Advice fees are not the awkward conversation people sometimes assume. A good adviser welcomes the question because clarity protects both sides.
We share how fees work, what to compare, and how to think about value so you can make a confident decision.
Why it matters in Australia
Australian advisers may charge fixed fees, implementation fees, ongoing service fees, or asset-based fees depending on the service and licensee.
Disclosure documents should explain fees, scope, and any relationships that could create conflicts of interest.

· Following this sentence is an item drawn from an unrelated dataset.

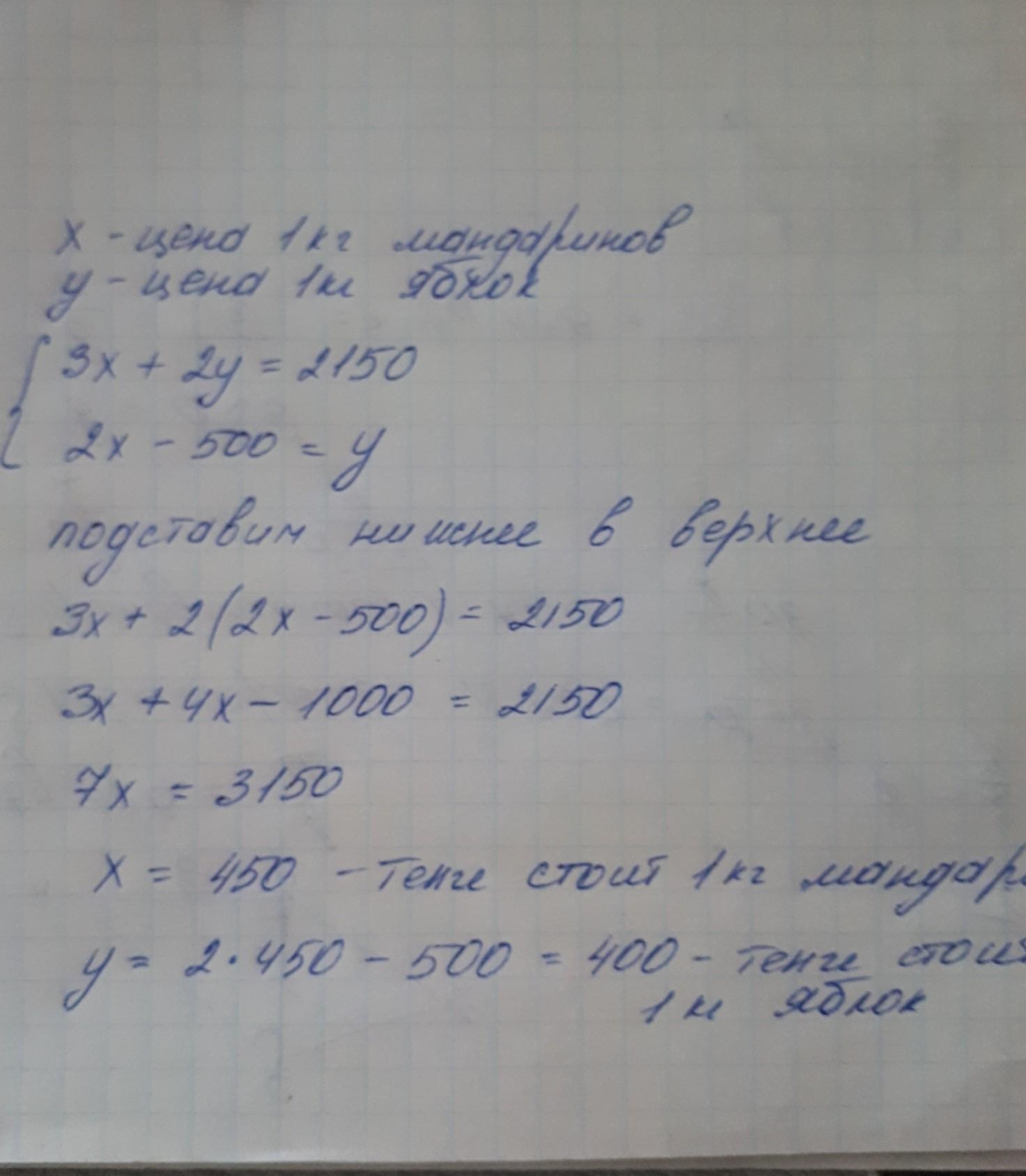 Решите задачу, составив систему уравнений:За 3 кг мандаринов и 2 кг яблок заплатили 2150 тенге. Сколько стоит 1 кг каждого вида фруктов, если 2 кг апельсинов на 500 тенге дороже, чем 1 кг яблок?

Read them before you sign.
What to work through
Get the scope right and the fee question becomes simple.
- Ask whether the fee covers strategy, product advice, implementation, or ongoing review.
- Compare the fee with the complexity and stakes of the decision.
- Understand what is included in ongoing service and how often reviews occur.
- Request fee disclosure in writing before proceeding.
Common traps
These are the patterns that quietly turn a good fee into a bad value outcome.
- Cheap advice can be expensive when it is too narrow for the problem.
- Ongoing fees should come with ongoing service.
- Product costs are separate from advice fees and should also be reviewed.
Next steps
Ask for the documents and read them. They tell you most of what you need to know.
- Ask for the Financial Services Guide.
- Clarify the scope before advice work begins.
- Review whether the service remains valuable each year.